As this is examined by gender, there are perhaps different expressions of this for girls. Black girls in Canada continue to have an "abnormal" upbringing which I have observed has resulted in the pendulum swinging in the complete oppositie direction: sheltered, inexperience, study hard into permiscuous, self-destructive, lack of direction or focus, negative attention seeking behaviours.

I said to my friend Michelle Walker the other day that the worse person to ask about racism in schools is a student. They often respond with a cultural incompetence. The idea for what recism actually is has become so covert in Canada that when we think we are talking about it, turns out we are merely being tolerated.
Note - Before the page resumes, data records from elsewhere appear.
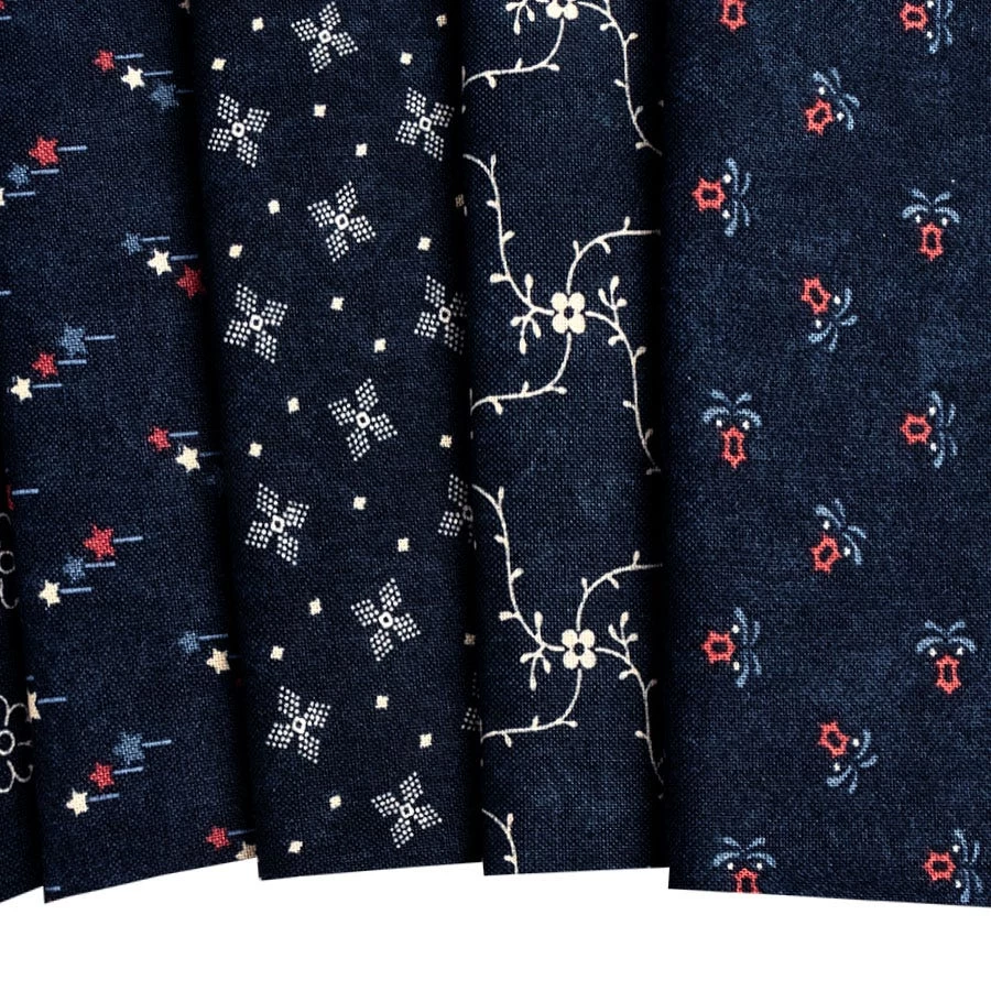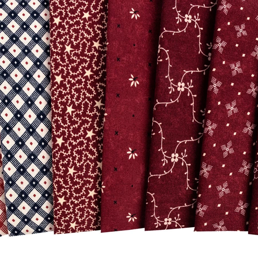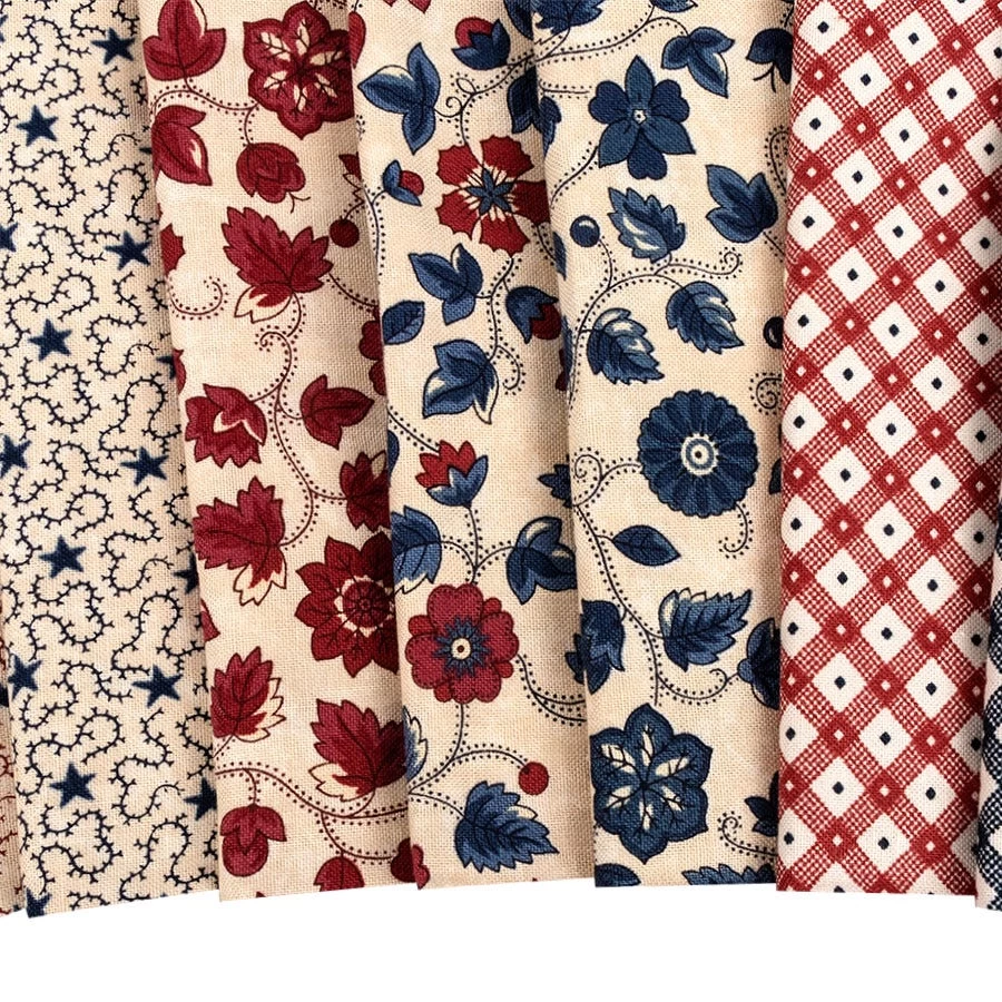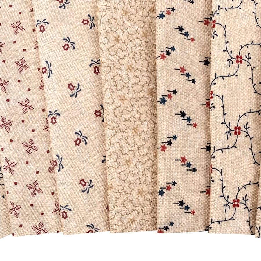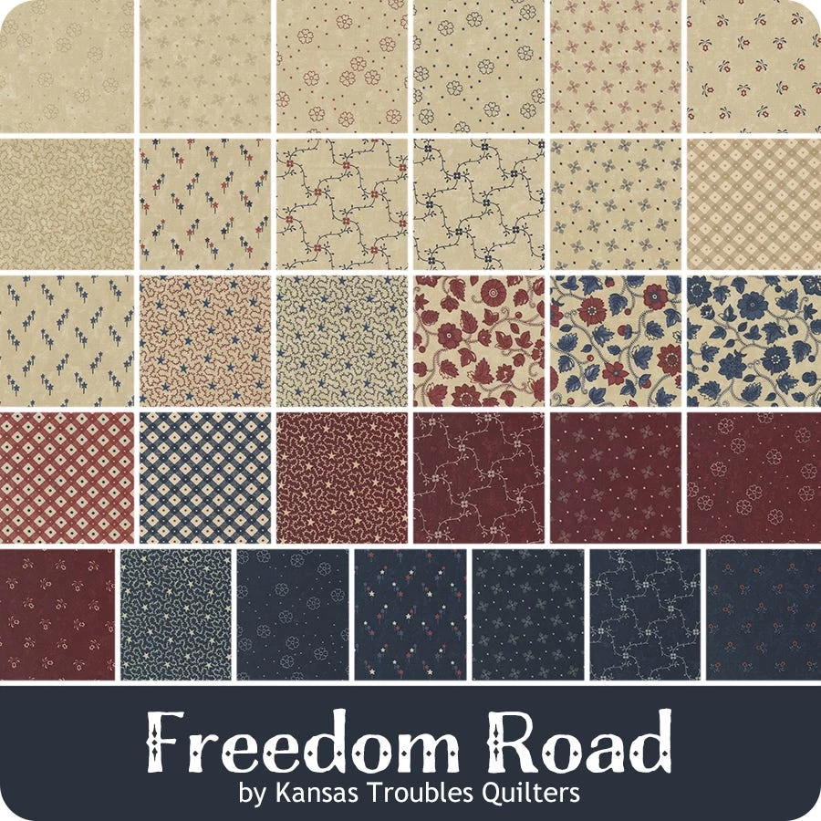 Let freedom ring with Freedom Road! Neutral and earth tones set the stage for florals and stars in this traditional assortment from Kansas Troubles Quilters. Precise and fine details are the hallmark of these beautiful designs! Pair these prints with corresponding Bella Solids from Moda Fabrics for some patriotic projects!
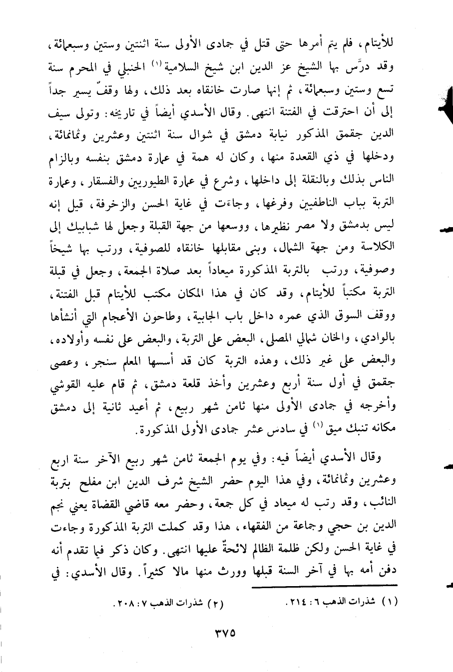 للأيتام فلم يتم أمرها حتى قتل في جمادى الأولى سنة اثنتين وستين وسبعمائة وقد درس بها الشيخ عز الدين ابن شيخ السلامية الحنبلي في المحرم سنة تسع وستين وسبعمائة ثم إنها صارت خانقاه بعد ذلك ولها وقف يسي جدا إلى ان احترقت في الفتنة انتهى قال الأسدي أيضا في تاريخه وتولى سيف الدين جقمق المذكور نيابة دمشق في شوال سنة اثنتبن وعشرين وثمنمائة ودخلها في ذي القعدة منهما وكان له همة في عمارة دمشق بنفسه وبالزام الناس بذلك وبالنقلة إلى داخلها وشرع في عمارة الطيوريين والفسقار وعمارة التربة بباب الناطفييين وفرغها وجاءت في غاية الحسن والزخرفة وقيل انه ليس بدمشق ولامصر نظيرها ووسعها من جهة القبلة وجعل لها شبابيك إلى الكسة ومن جهة الشمال نو بني مقابلة خانقاه للصوفية ورتب بها شيخا وصوفيه ورتب بالتربة المذكورة ميعادا بعد صلاة الجمعة وجعل في قبلة التربة مكتبا للأيتام وقد كان في هذا المكان مكتب للأيتام قبل الفتنة ووقف السوق الذي عمره داخل باب الجابية وطاحون الأعجام التي أنشأها بالوادي والخان شمالي المصلي والبعض على التربة والبعض على نفسه وأولاده والبعض على غير ذلك وهذه التربة كان قد اسسها المعلم سنجر وعصى جقمق في أول سنة أربع وعشرين وأخذ قلعة دمشق ثم قام عليه القوشي وأخره في جمادى الأولى منها ثامن شهر ربيع ثم أعيد ثانية إلى دمش مكانه تنبك ميق في سادس جماي الأولى المذكورة
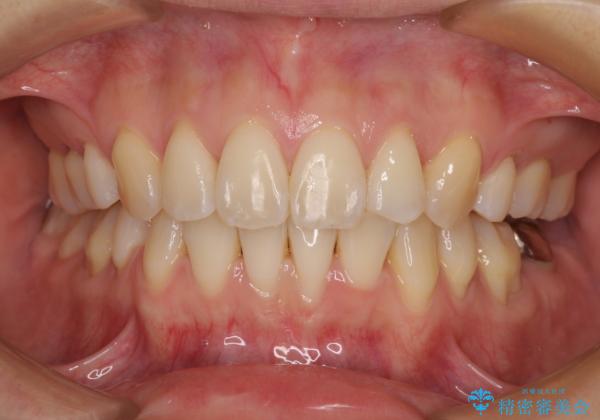 非抜歯矯正ではデコボコを解消することでより口元が突出してしまうため、上下左右の小臼歯4本の抜歯を行い、ワイヤー装置による矯正治療を行うこととしました。
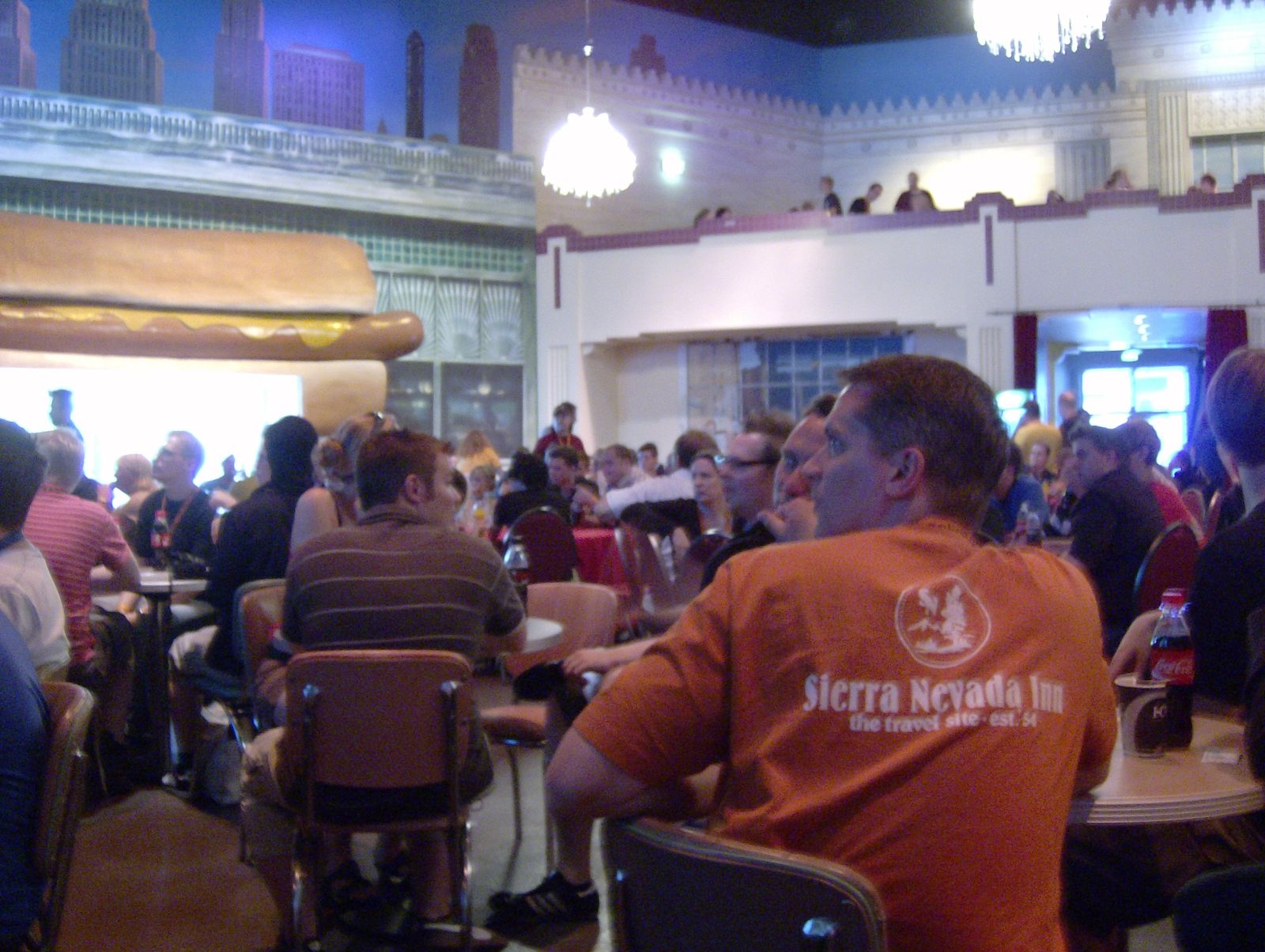 Als wir in den Buffet-Bereich gingen, hiess es, es sei symmetrisch aufgebaut. Dies war leider nicht der Fall, und so stand ich (der ich nach rechts ging) vor dem kalten Buffet, aber nicht vor dem Warmen. Leider ist es aufgrund des asymmetrischen Raumes nicht ohne weiteres möglich, dass man zwei Schlangen bilden kann, obwohl der heisse Bereich schon so aufgebaut ist. Das Problem hier ist, dass das kalte Buffet nur rechts vom heissen Bereich ist, und links waren die Getränke. (Wo es auch zu Geknäul kam, da dort die einzige Bier-Ausgabe war).
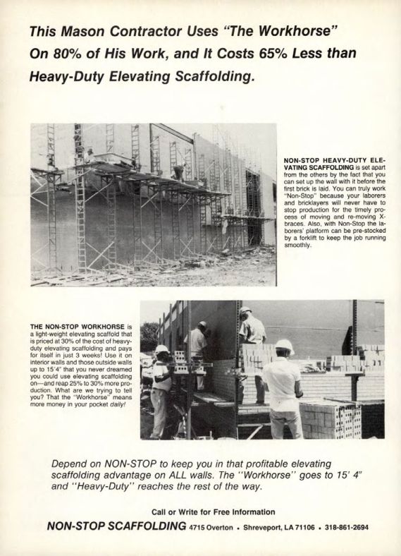 NON-STOP HEAVY-DUTY ELEVATING SCAFFOLDING is set apart from the others by the fact that you can set up the wall with it before the first brick is laid. You can truly work "Non-Stop" because your laborers and bricklayers will never have to stop production for the timely process of moving and re-moving X-braces. Also, with Non-Stop the laborers' platform can be pre-stocked by a forklift to keep the job running smoothly.
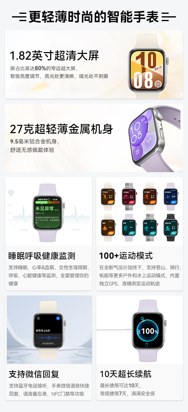 华为(HUAWEI)【咨询享优惠】WATCH FIT 4智能手表运动蓝牙通话轻薄大屏高中学生健康管理NFC门禁男女心率 悦动白【甄选表带+精美表盘】

No deepening of the understanding at all and no one is really comfortable having the conversation eventhough they pretend to be invested (my brain leaps)

That leads to my area of focus. This generation doesn't see our challenges as a "community" through the same filter previously used. Critical thinking, organizing for the purpose of releiving a social ill, bettering a circumstance through hardwork and committment, social justice etc are not tools from which this generation sees their opportunities (generally speaking)

That's why when I look at some of the scheduled workshops this week at NABSE, many of them focus on reengaging students by reconnecting them to those previous overstandings. In the April Journal of Black School Educators, they speak to using more "culturally enriching extracurricular activities" as a tool to engage black males and improve their academics. Many of the workshops and the work being done targetting black youth that has been relatively effective, are somehow a return to some thing from our past that we have somehow discontinued.

I don't believe I have noticed anything new or different but I'm just looking. What are your thoughts?

In university I wrote a paper about the Sociology of the Dance party as a means for transmitting and reinforcing Caribbean culture as a tool for survival in the developed world. In the 70s my parents use to have some wicked basement parties. Ottawa's black community was small enough for everyone to know everyone. My parents had supported and helped several people to come to Canada. Our house was therefore an unofficial community centre. If they weren't plotting to overthrow the government they were liming and partying in that same basement. at 1465 Beaverpond Drive. That's where we learned everything we ever needed to know about what it meant to be black, to be from the Caribbean, to be adult etc. That is so different to the experience of black youth today. Why did we stop doing things like that for ourselves and with our children?

The good news about all of the above is that I know so many young people who once given a chance to see themselves newly and powerfully, they have done some absolutely amazing things. Hope springs eternal.

Damn, I think flying made me smarter!